My cores are less full-featured than even nios2e. They are intended for one certain niche that I would call "soft MCU". In particular, the only supported program memory is what Altera calls "tightly coupled memory", i.e. embedded dual-ported SRAM blocks with no other master connected. Another limitations are absence of exceptions and external interrupts. For me it's o.k. that's how I use nios2e anyway.

I didn't check if what I am doing is legal.
Probably does not matter as long as it's just a repo on github.


>But perhaps more importantly, they are far from optimal.
Ugh, they have some of the best figure-of-merit numbers available.
(Instructions per second per LUT)
And are available in many configuration options.

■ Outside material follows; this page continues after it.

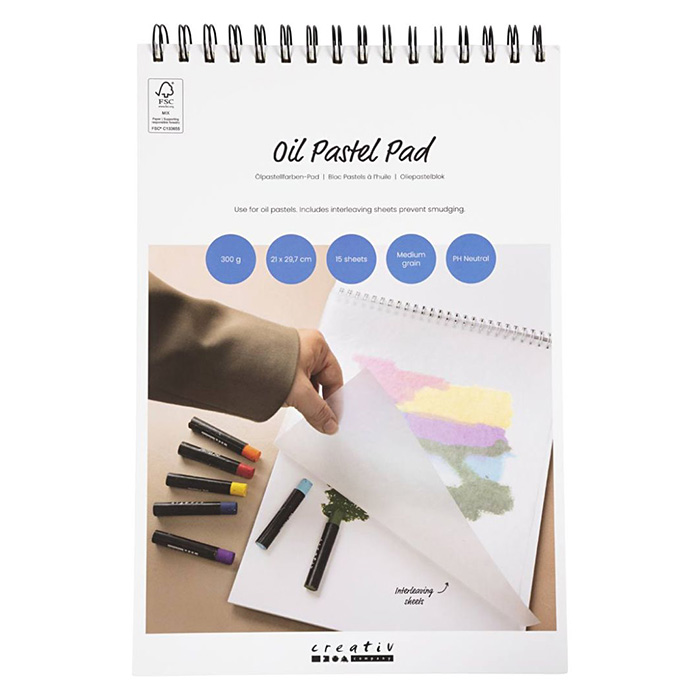 Creativ Companyn A4-kokoinen kierrepaperilehtiö öljypastelliväreille. Lehtiössä on suojapaperiarkit sivujen välissä, jotta taideteokset säilyttävät värinsä. Lehtiössä on 300g vahvuista valkoista paperia, jossa on tekstuuri pinta. Paperi on happovapaata ja PH-neutraalia. Lehtiön koko on 21×29,7cm ja siinä on 15 arkkia.

There are a large variety of RISC-V cores available some of which have low LUT counts.

Fixed-instruction-width 32-bit subset of RISC-V ISA is nearly identical to Nios2 down to the level of instruction formats. The biggest difference is 12-bit immediate in RV vs 16-bit in N2. Not a big deal.
So I expect that RV32 cores available in source form can be modified to run Nios2 in few days (or, if original designer is involved, in few hours).

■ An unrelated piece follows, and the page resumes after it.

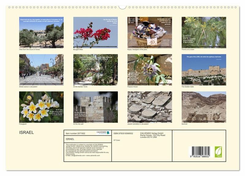 PREMIUM COLLECTION - Brilliant photo calendar with 12 beautiful motifs, high-gloss art print in museum quality.QUALITY - high-quality materials, sturdy back cover with 2 innovative insert pockets for optimum presentation on the wall.SUSTAINABLE - significant reduction in waste thanks to customised one-off production, environmentally friendly FSC-certified paper, production in Germany, climate-conscious logistics.PERFECT GIFT - calendars for friends and family, for children and adults, young and old, for Christmas, birthdays or in between.Insights into the Holy Land von Autor(in): GT Color
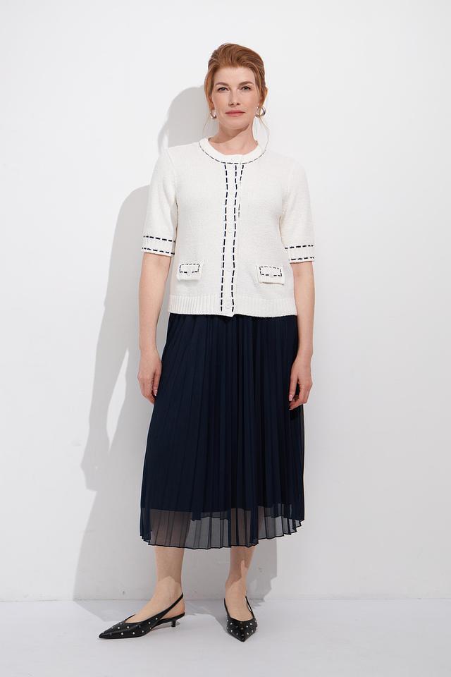 Жакет застегивается на пуговицы, которые гармонично сочетаются с общим дизайном. Накладные карманы добавляют практичности и оригинальности. Отделка кантом подчеркивает линии жакета и придает ему завершенный вид.

The bigger difference would be external interface. In N2 one expects Avalon-mm. I have no idea what's a standard bus/fabric in the world of RV soft cores and how similar it is to AVM.


Jim Brakefield
 
On Wednesday, February 6, 2019 at 6:54:27 AM UTC-5, already...@yahoo.com wrote:
On Thursday, January 31, 2019 at 2:42:54 AM UTC+2, jim.bra...@ieee.org wrote:
On Wednesday, January 30, 2019 at 11:14:26 AM UTC-6, gnuarm.del...@gmail.com wrote:
On Wednesday, January 30, 2019 at 11:24:17 AM UTC-5, kkoorndyk wrote:
On Tuesday, January 29, 2019 at 7:57:05 PM UTC-5, gnuarm.del...@gmail.com wrote:
On Monday, January 28, 2019 at 10:49:32 AM UTC-5, kkoorndyk wrote:
You may as well take the opportunity to "future proof" the design by migrating to another vendor that isn't likely to get acquired or axed. Xilinx has the single core Zynq-7000 devices if you want to go with a more main-stream, ARM processor sub-system (although likely overkill for whatever your Nios is doing). Otherwise, the Artix-7 and Spartan-7 would be good targets if you want to migrate to a Microblaze or some other soft core. The Spartan-7 family is essentially the Artix-7 fabric with the transcievers removed and are offered in 6K to 100K logic cell densities.

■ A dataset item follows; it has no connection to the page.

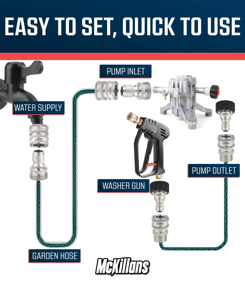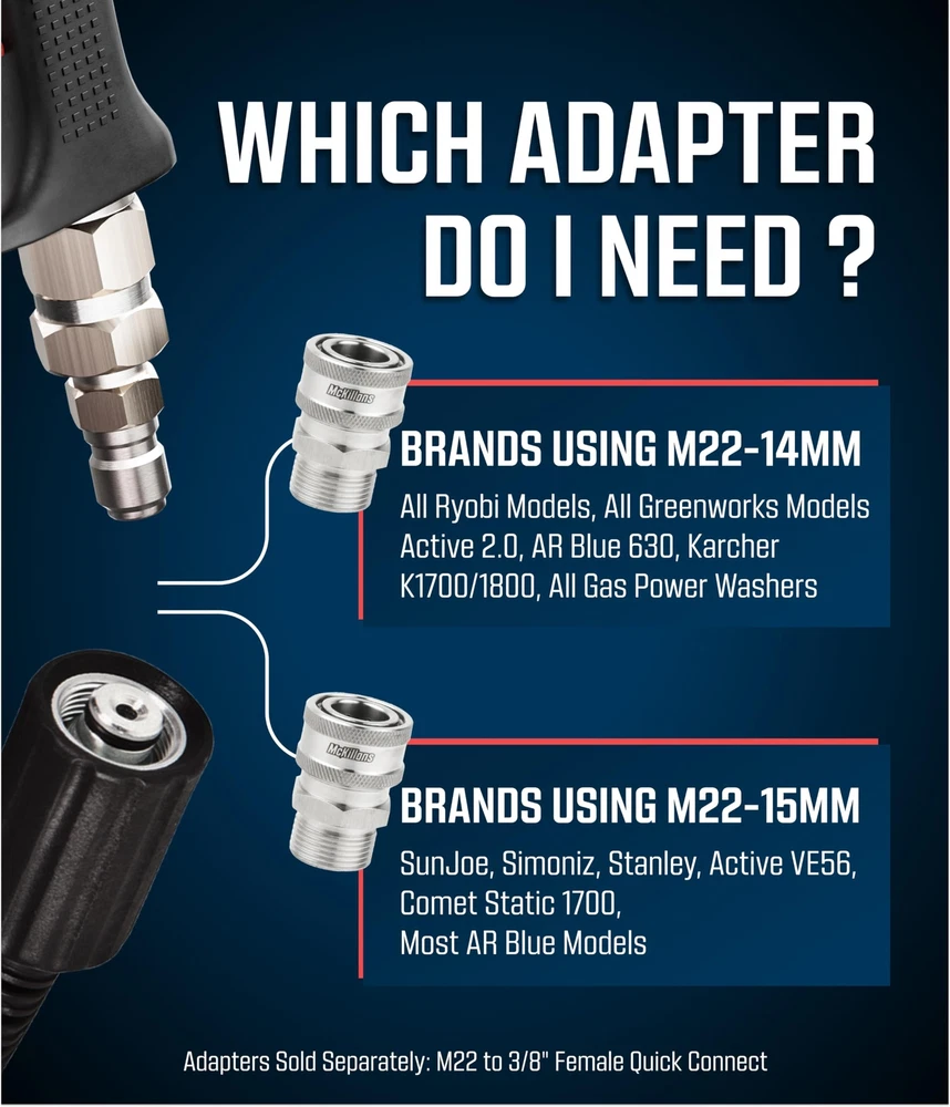 **READ** Please verify you have an M22-14mm hose prior to purchasing. The male adapters have a plug with a diameter of 14mm, not 15mm. Therefore, it is not compatible with electric pressure washers from: Sun Joe, AR Blue, Simoniz and more. If your washer requires a 15mm fitting, using this fitting will cause leaks. Compatible with all gas powered pressure washers with M22 connectors ✅ The Complete Solution: Every connector and adapter you need to convert all your connects on your pressure washer to full stainless quick connects, in one kit. ✅ Smooth Operation: The corrosion resistant stainless steel helps ensure smooth operation of the connects. ✅ Machined in Stainless Steel: Every connector is made out of 304 medical grade stainless steel, which does not rust or tarnish. ✅ Upgraded O-Rings: Made from Viton, a temperature and chemical resistant rubber compound, and much more robust than traditional o-ring materials. ✅ What's included: - M22-14mm male plugs (QTY 2) - M22-14mm female (QTY 2) - 2 male garden hose plugs (QTY 2) - 2 female garden hose QC (QTY 2) ✅ Compatibility: All gas pressure washers use standard M22-14mm hoses. Some electric pressure washers like SunJoe, AR Blue, and Active VE52 use M22-15mm hoses which will not work with this kit.

I don't think you actually got my point. Moving to a Spartan by using a MicroBlaze processor isn't "future proofing" anything. It is just shifting from one brand to another with the exact same problems.

If you want to future proof a soft CPU design you need to drop any FPGA company in-house processor and use an open source processor design. Then you can use any FPGA you wish.

Here is some info on the J1, an open source processor that was used to replace a microblaze when it became unequal to the task at hand.

http://www.forth.org/svfig/kk/11-2010-Bowman.pdf

http://www.excamera.com/sphinx/fpga-j1.html

http://www.excamera.com/files/j1.pdf


Rick C.

-- Get 6 months of free supercharging
-- Tesla referral code - https://ts.la/richard11209

No, I got your point perfectly, hence the following part of my recommendation: "or some other soft core."

I am making the point that porting from one proprietary processor to another is of limited value. Microblaze is proprietary. I believe there may be some open source versions available, but I expect there are open source versions of the NIOS available as well. But perhaps more importantly, they are far from optimal. That's why I posted the info on the J1 processor.. It was invented to replace a Microblaze that wasn't up to the task.


If the original Nios was employed, I'm not entirely convinced a soft core is necessary (yet). How simple is the software running on it? Can it reasonably be ported to HDL, thus ensuring portability? I tend to lean that way unless the SW was simple due to capability limitations in the earlier technologies (e.g., old Cyclone and Nios) and the desire is to add more features that are realizable with new generation devices and soft (or hard) core capabilities.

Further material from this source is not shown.